Here's a test program, using 2 replicated cache instances and writing to the 
same node:


  | package CacheRepl;
  | 
  | import java.util.concurrent.atomic.AtomicInteger;
  | 
  | import javax.transaction.UserTransaction;
  | 
  | import org.apache.log4j.Logger;
  | import org.jboss.cache.Cache;
  | import org.jboss.cache.DefaultCacheFactory;
  | import org.jboss.cache.Fqn;
  | import org.jboss.cache.transaction.DummyTransactionManager;
  | import org.jboss.cache.transaction.DummyUserTransaction;
  | 
  | public class CacheThread extends Thread {
  |     private static final Logger LOG = Logger.getLogger("test");
  |     private static final int THREADS = 2;
  |     private static final int REPEAT = 20;
  |     private static final int SLEEP_TIME = 10;
  |     
  |     protected int threadId;
  |     protected final Cache<Object, Object> cache;
  |     
  |     public CacheThread(final int threadId) {
  |             this.threadId = threadId;
  |             cache = 
DefaultCacheFactory.getInstance().createCache("replSync-service.xml", true);
  |     }
  |     
  |     private boolean doTransaction() {
  |             final UserTransaction tx = new 
DummyUserTransaction(DummyTransactionManager.getInstance());
  |             try {
  |                     tx.begin();
  |                     cache.put(new Fqn<Object>("node"), "key", "value" + 
threadId);
  |                     tx.commit();
  |                 return true;
  |             } catch (Exception e) {
  |                     LOG.error("transaction failed", e);
  |                     try {
  |                             tx.rollback();
  |                     } catch (Exception e1) {
  |                             LOG.warn("rollback failed", e1);
  |                     }
  |                     return false;
  |             }
  |     }
  |     
  |     @Override
  |     public void run() {
  |             int failed = 0;
  |             for (int i = 0; i < REPEAT; ++i) {
  |                     try {
  |                             Thread.sleep(SLEEP_TIME);
  |                     } catch (Exception e) {
  |                             e.printStackTrace();
  |                     }
  |                     if (!doTransaction()) {
  |                             failed++;
  |                     }
  |             }
  |             System.out.println("Thread" + threadId + ": " + failed + " 
failures");
  |     }
  |     
  |     private void close() {
  |             cache.stop();
  |     }
  |     
  |     public static void main(String[] args) throws InterruptedException {
  |             final CacheThread[] threads = new CacheThread[THREADS];
  |             for (int t = 0; t < THREADS; t++) {
  |                     threads[t] = new CacheThread(t);
  |             }
  |             for (int t = 0; t < THREADS; t++) {
  |                     threads[t].start();
  |             }
  |             System.out.println("started");
  |             for (int t = 0; t < THREADS; t++) {
  |                     threads[t].join();
  |             }
  |             for (int t = 0; t < THREADS; t++) {
  |                     threads[t].close();
  |             }
  |     }
  | }
  | 

and the cache configuration:


  | <server>
  |     <mbean code="org.jboss.cache.jmx.CacheJmxWrapper"

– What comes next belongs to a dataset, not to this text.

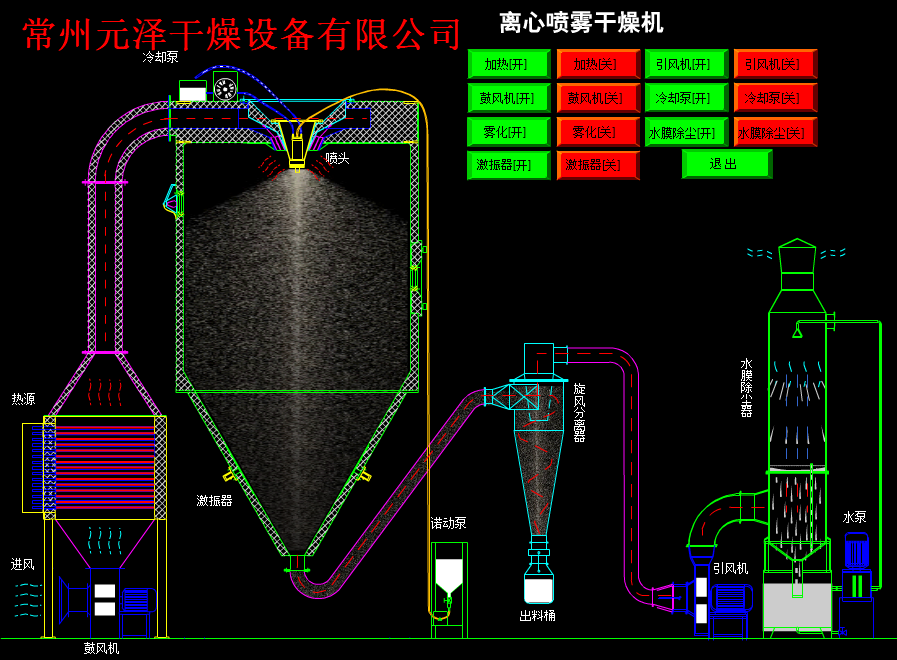 空氣通過(guò)過(guò)濾器和加熱裝置后,進(jìn)入離心噴霧干燥機(jī)干燥室頂部的熱空氣分配器。 通過(guò)熱空氣分配器的熱空氣以螺旋狀均勻地進(jìn)入干燥室。 同時(shí),泵將液體送至安裝在干燥室頂部的離心噴霧器。 在頭部中,液體材料被噴成極小的霧狀液滴,這大大增加了液體材料與熱空氣接觸的比表面積。 小滴和熱空氣平行下沉,水迅速蒸發(fā)并在很短的時(shí)間內(nèi)干燥成顆粒。 它被收集在塔和旋風(fēng)分離器的底部,廢氣被排放到外部。

  |             name="jboss.cache:service=TreeCache">
  | 
  |         <depends>jboss:service=Naming</depends>
  |         <depends>jboss:service=TransactionManager</depends>
  | 
  |       <attribute 
name="TransactionManagerLookupClass">org.jboss.cache.transaction.DummyTransactionManagerLookup
  |       </attribute>
  |       <!--
  |                 Node locking scheme:
  |             OPTIMISTIC
  |             PESSIMISTIC (default)
  |       -->
  |       <attribute name="NodeLockingScheme">OPTIMISTIC</attribute>
  |         <!--
  |             Isolation level : SERIALIZABLE
  |                               REPEATABLE_READ (default)
  |                               READ_COMMITTED
  |                               READ_UNCOMMITTED
  |                               NONE
  |         -->
  |         <attribute name="IsolationLevel">READ_COMMITTED</attribute>
  | 
  |         <attribute name="CacheMode">REPL_SYNC</attribute>
  | 
  |         <attribute name="ClusterName">Test cache</attribute>
  | 
  |         <attribute name="ClusterConfig">
  |                     <config>
  |                             <UDP bind_addr="10.0.0.226"

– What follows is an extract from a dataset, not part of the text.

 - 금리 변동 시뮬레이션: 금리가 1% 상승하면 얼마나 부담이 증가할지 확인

  |                                 mcast_addr="228.10.10.10"
  |                                     mcast_port="45588"
  |                                     tos="8"
  |                                     ucast_recv_buf_size="20000000"
  |                                     ucast_send_buf_size="640000"
  |                                     mcast_recv_buf_size="25000000"
  |                                     mcast_send_buf_size="640000"
  |                                     loopback="false"
  |                                     discard_incompatible_packets="true"
  |                                     max_bundle_size="64000"
  |                                     max_bundle_timeout="30"
  |                                     use_incoming_packet_handler="true"
  |                                     ip_ttl="2"
  |                                     enable_bundling="false"
  |                                     enable_diagnostics="true"
  |                                     use_concurrent_stack="true"
  |                                     thread_naming_pattern="pl"
  |                                     thread_pool.enabled="true"
  |                                     thread_pool.min_threads="1"
  |                                     thread_pool.max_threads="25"
  |                                     thread_pool.keep_alive_time="30000"
  |                                     thread_pool.queue_enabled="true"
  |                                     thread_pool.queue_max_size="10"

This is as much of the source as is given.